Task details
Pictures in the listing below are skipped, while the lines from the "Quest Nutrition Protein" line through the "- 双击刚刚创建的小部件蓝图以打开它。" line are returned word for word.

Information supplied
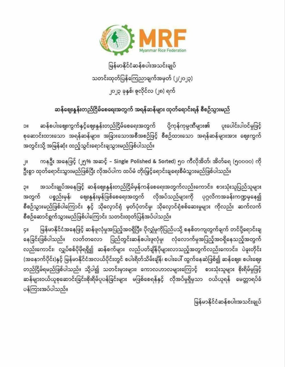 လတ်တလောတွင်း ပြည်တွင်း၌ ဆန်ပြတ်လပ်မှုများ ဖြစ်ပေါ်နေကြောင်း သတင်းများ ဖြန့်ဝေမှုများ ရှိနေပြီး အဆိုပါ ကောလာဟလများကြောင့် စားသုံးသူများ စိုးရိမ်မှုဖြင့် ဆန်များကို ဝယ်ယူစုဆောင်းခြင်းများ မလုပ်ဆောင်ဘဲ လိုအပ်မှုရှိမှသာ ဝယ်ယူကြရန် အသင်းချုပ်က မေတ္တာရပ်ခံ အသိပေးထားသည်။
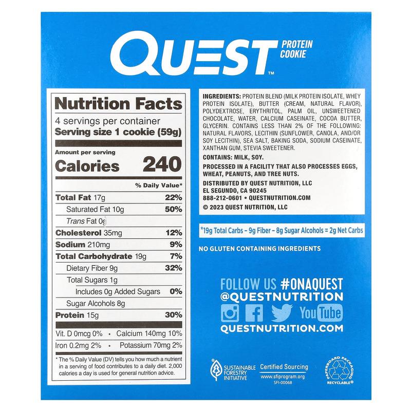 Quest Nutrition Protein Cookie, Chocolate Chip, 4 Cookies, 2.08 oz (59 g) Each
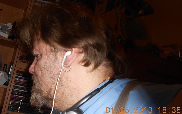 Photograph of me using the earphones as intended.
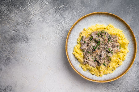 Plate of tender beef stroganoff served with creamy mashed potatoes and steaming gravy. gray background. top view.
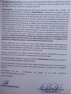 Guamaní, junto a su abogado defensor, Ider García Delgado, presentó la denuncia penal ante el Fiscal de Quinindé. Acusó al Alcalde encargado del presunto delito de intimidación, tipificado en el artículo 154 del Código Orgánico Integral Penal (COIP). El periodista expresó temer por su seguridad y la de su familia.
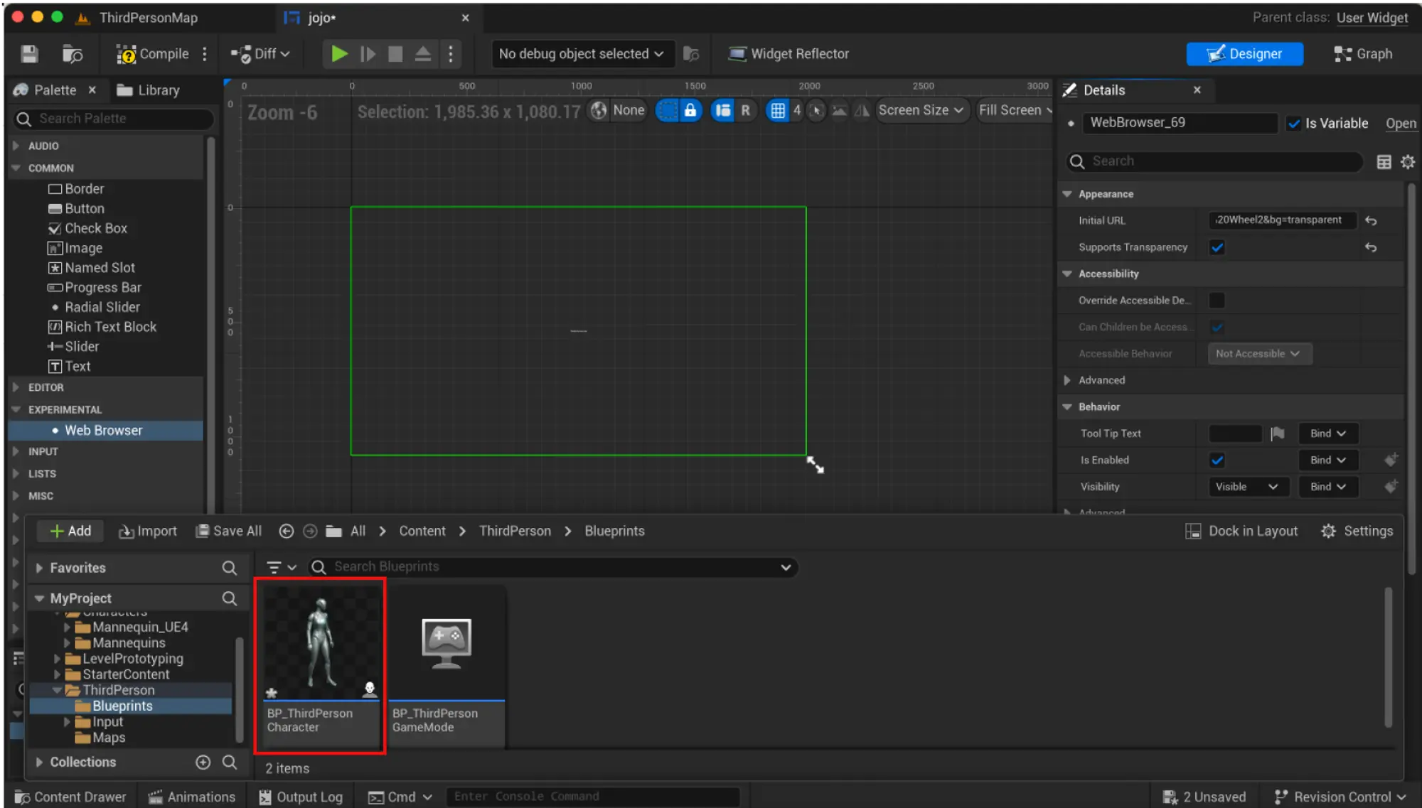 - 双击刚刚创建的小部件蓝图以打开它。
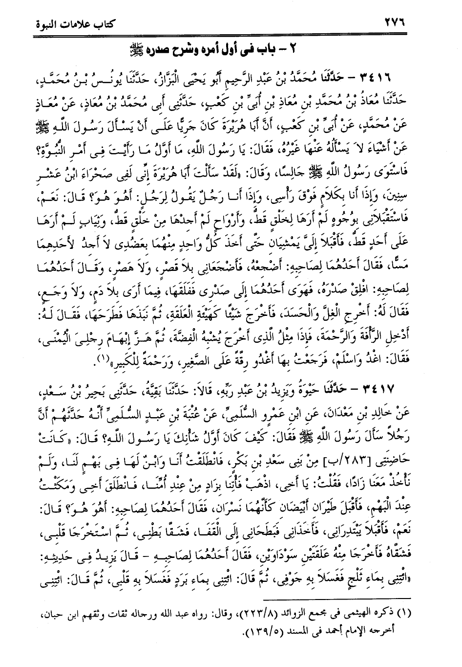 3417 - حَدَّثَنَا حَيْوَةُ وَيَزِيدُ بْنُ عَبْدِ رَبِّهِ، قَالاَ: حَدَّثَنَا بَقِيَّةُ، حَدَّثَنِى بَحِيرُ بْنُ سَعْدٍ، عَنْ خَالِدِ بْنِ مَعْدَانَ، عَنِ ابْنِ عَمْرٍو السُّلَمِىِّ، عَنْ عُتْبَةَ بْنِ عَبْدٍ السُّلَمِىِّ أَنَّهُ حَدَّثَهُمْ أَنَّ رَجُلاً سَأَلَ رَسُولَ اللَّهِ صلى الله عليه وسلم فَقَالَ: كَيْفَ كَانَ أَوَّلُ شَأْنِكَ يَا رَسُولَ اللَّهِ؟ قَالَ: كَانَتْ حَاضِنَتِى مِنْ بَنِى سَعْدِ بْنِ بَكْرٍ، فَانْطَلَقْتُ أَنَا وَابْنٌ لَهَا فِى بَهْمٍ لَنَا، وَلَمْ نَأْخُذْ مَعَنَا زَادًا، فَقُلْتُ: يَا أَخِى، اذْهَبْ فَأْتِنَا بِزَادٍ مِنْ عِنْدِ أُمِّنَا، فَانْطَلَقَ أَخِى وَمَكَثْتُ عِنْدَ الْبَهْمِ، فَأَقْبَلَ طَيْرَانِ أَبْيَضَانِ كَأَنَّهُمَا نَسْرَانِ، فَقَالَ أَحَدُهُمَا لِصَاحِبِهِ: أَهُوَ هُوَ؟ قَالَ: نَعَمْ، فَأَقْبَلاَ يَبْتَدِرَانِى، فَأَخَذَانِى فَبَطَحَانِى إِلَى الْقَفَا، فَشَقَّا بَطْنِى، ثُمَّ اسْتَخْرَجَا قَلْبِى، فَشَقَّاهُ فَأَخْرَجَا مِنْهُ عَلَقَتَيْنِ سَوْدَاوَيْنِ، فَقَالَ أَحَدُهُمَا لِصَاحِبِهِ قَالَ يَزِيدُ فِى حَدِيثِهِ: ائْتِنِى بِمَاءِ ثَلْجٍ فَغَسَلاَ بِهِ جَوْفِى، ثُمَّ قَالَ: ائْتِنِى بِمَاءِ بَرَدٍ فَغَسَلاَ بِهِ قَلْبِى، ثُمَّ قَالَ: ائْتِنِى -[277]- بِالسَّكِينَةِ فَذَرَّاهَا فِى قَلْبِى، ثُمَّ قَالَ أَحَدُهُمَا لِصَاحِبِهِ: حِصْهُ فَحَاصَهُ، وَخَتَمَ عَلَيْهِ بِخَاتَمِ النُّبُوَّةِ.

Answer to the problem
 Quest Nutrition Protein Cookie, Chocolate Chip, 4 Cookies, 2.08 oz (59 g) Each
 Photograph of me using the earphones as intended.
 Plate of tender beef stroganoff served with creamy mashed potatoes and steaming gravy. gray background. top view.
 Guamaní, junto a su abogado defensor, Ider García Delgado, presentó la denuncia penal ante el Fiscal de Quinindé. Acusó al Alcalde encargado del presunto delito de intimidación, tipificado en el artículo 154 del Código Orgánico Integral Penal (COIP). El periodista expresó temer por su seguridad y la de su familia.
 - 双击刚刚创建的小部件蓝图以打开它。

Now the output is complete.